** TASK DIRECTIONS **
Skip all pictures. Write out the data below from its first line through the line that contains "Retro classic sunglasses".

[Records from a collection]
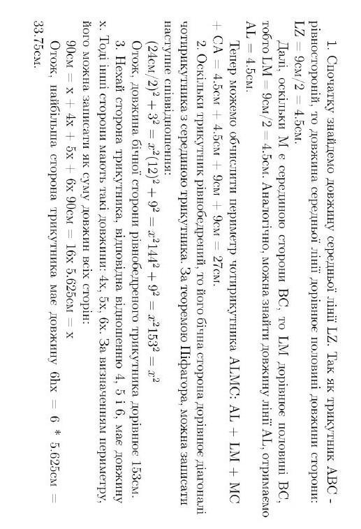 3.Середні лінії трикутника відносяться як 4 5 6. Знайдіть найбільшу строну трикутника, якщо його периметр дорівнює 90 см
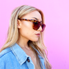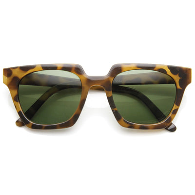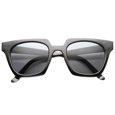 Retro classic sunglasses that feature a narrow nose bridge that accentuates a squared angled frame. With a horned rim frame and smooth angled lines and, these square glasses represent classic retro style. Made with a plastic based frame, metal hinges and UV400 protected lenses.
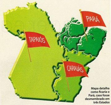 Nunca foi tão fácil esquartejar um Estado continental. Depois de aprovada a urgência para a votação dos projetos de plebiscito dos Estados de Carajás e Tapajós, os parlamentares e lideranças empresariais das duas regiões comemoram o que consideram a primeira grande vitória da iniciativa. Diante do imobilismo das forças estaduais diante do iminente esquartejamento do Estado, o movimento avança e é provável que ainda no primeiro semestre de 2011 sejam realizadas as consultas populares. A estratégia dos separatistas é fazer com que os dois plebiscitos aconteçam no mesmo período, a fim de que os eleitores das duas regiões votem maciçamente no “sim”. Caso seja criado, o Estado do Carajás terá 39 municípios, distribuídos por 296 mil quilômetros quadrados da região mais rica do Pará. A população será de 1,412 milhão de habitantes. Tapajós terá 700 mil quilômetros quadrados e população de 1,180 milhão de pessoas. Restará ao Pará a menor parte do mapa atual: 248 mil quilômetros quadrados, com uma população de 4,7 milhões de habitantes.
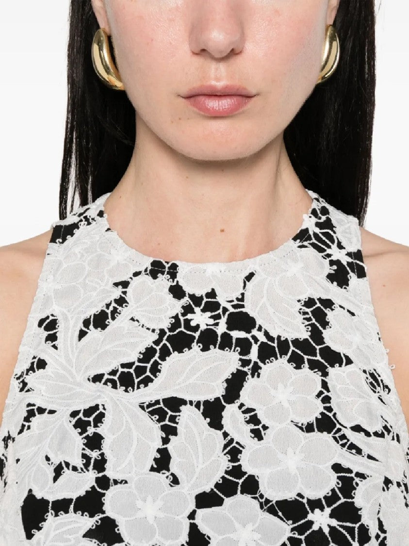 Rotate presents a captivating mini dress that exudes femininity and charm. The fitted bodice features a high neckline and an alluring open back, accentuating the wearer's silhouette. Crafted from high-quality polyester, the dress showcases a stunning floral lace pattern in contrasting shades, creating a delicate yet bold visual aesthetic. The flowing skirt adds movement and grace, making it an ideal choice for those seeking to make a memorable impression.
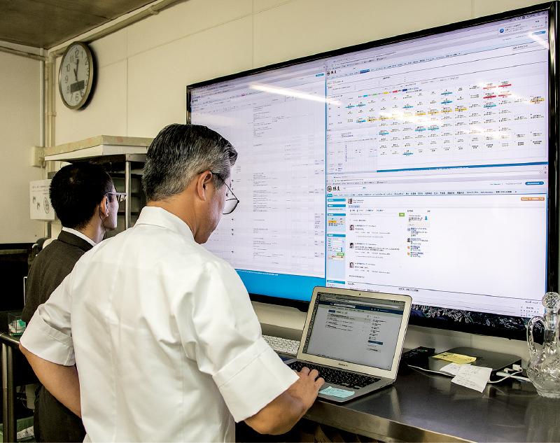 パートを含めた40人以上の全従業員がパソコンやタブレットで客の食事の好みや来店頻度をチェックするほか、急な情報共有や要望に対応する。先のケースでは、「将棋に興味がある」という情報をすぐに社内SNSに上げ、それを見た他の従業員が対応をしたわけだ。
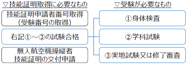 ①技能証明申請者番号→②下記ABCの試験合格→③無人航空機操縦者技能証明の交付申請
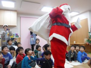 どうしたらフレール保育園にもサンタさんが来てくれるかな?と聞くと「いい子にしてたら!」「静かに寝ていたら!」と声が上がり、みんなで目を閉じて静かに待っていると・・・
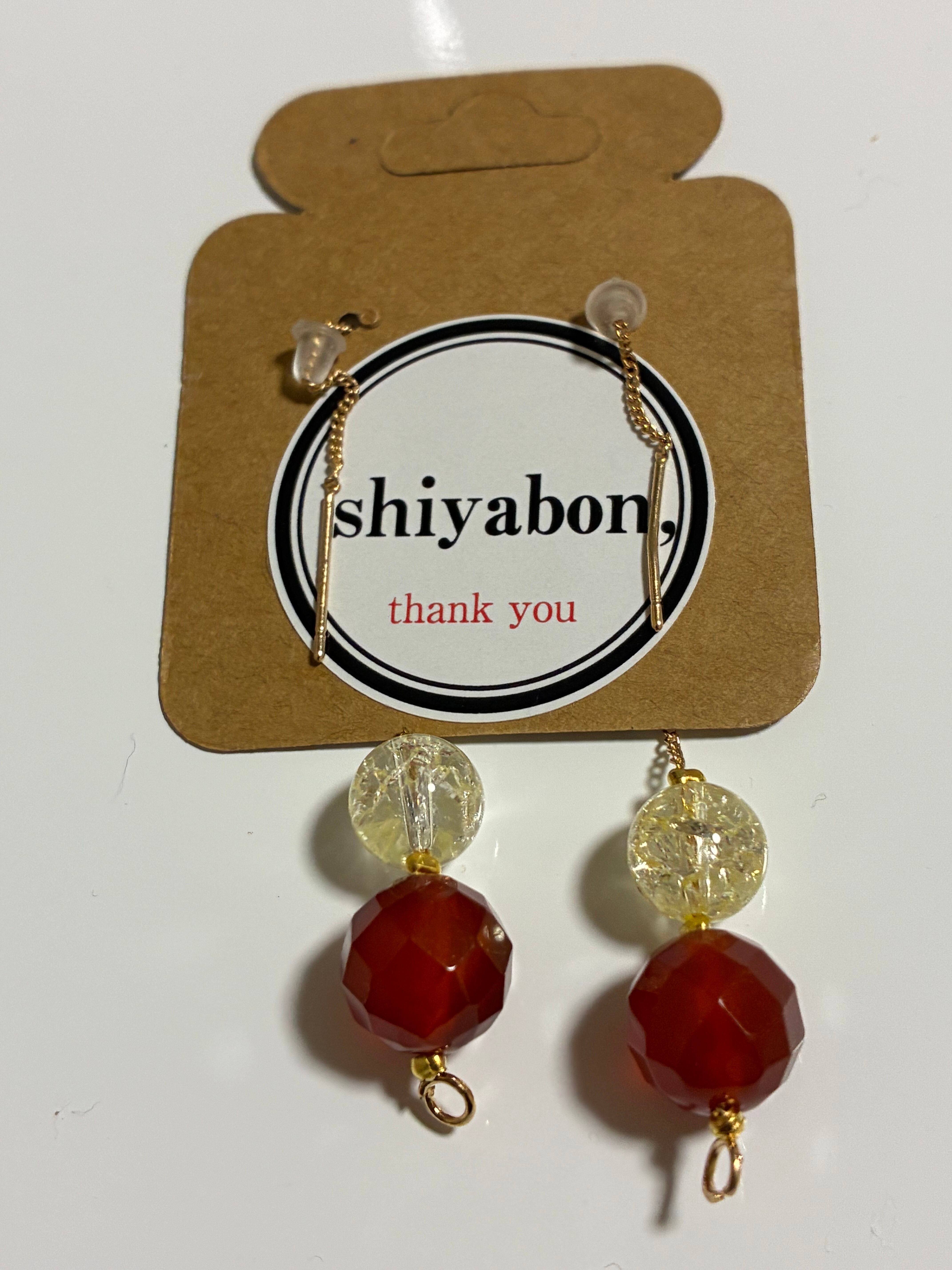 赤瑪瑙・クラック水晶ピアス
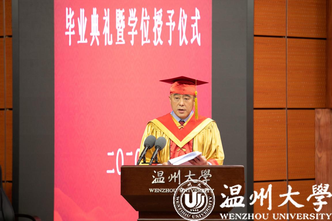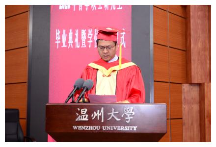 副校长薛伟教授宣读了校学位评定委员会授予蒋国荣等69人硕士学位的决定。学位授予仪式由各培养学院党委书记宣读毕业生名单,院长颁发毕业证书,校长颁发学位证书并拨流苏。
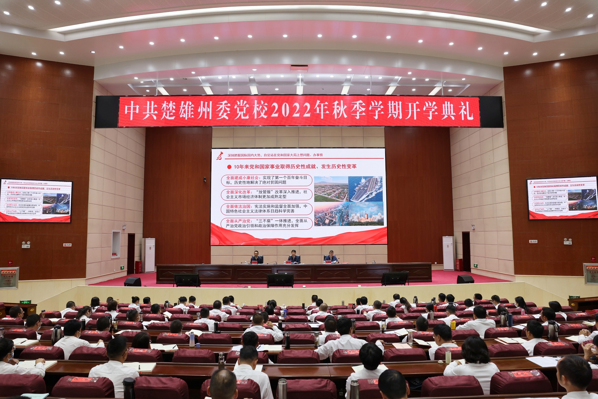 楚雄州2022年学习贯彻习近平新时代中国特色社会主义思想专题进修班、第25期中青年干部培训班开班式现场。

** EXERCISE RESPONSE **
 3.Середні лінії трикутника відносяться як 4 5 6. Знайдіть найбільшу строну трикутника, якщо його периметр дорівнює 90 см
 Retro classic sunglasses that feature a narrow nose bridge that accentuates a squared angled frame. With a horned rim frame and smooth angled lines and, these square glasses represent classic retro style. Made with a plastic based frame, metal hinges and UV400 protected lenses.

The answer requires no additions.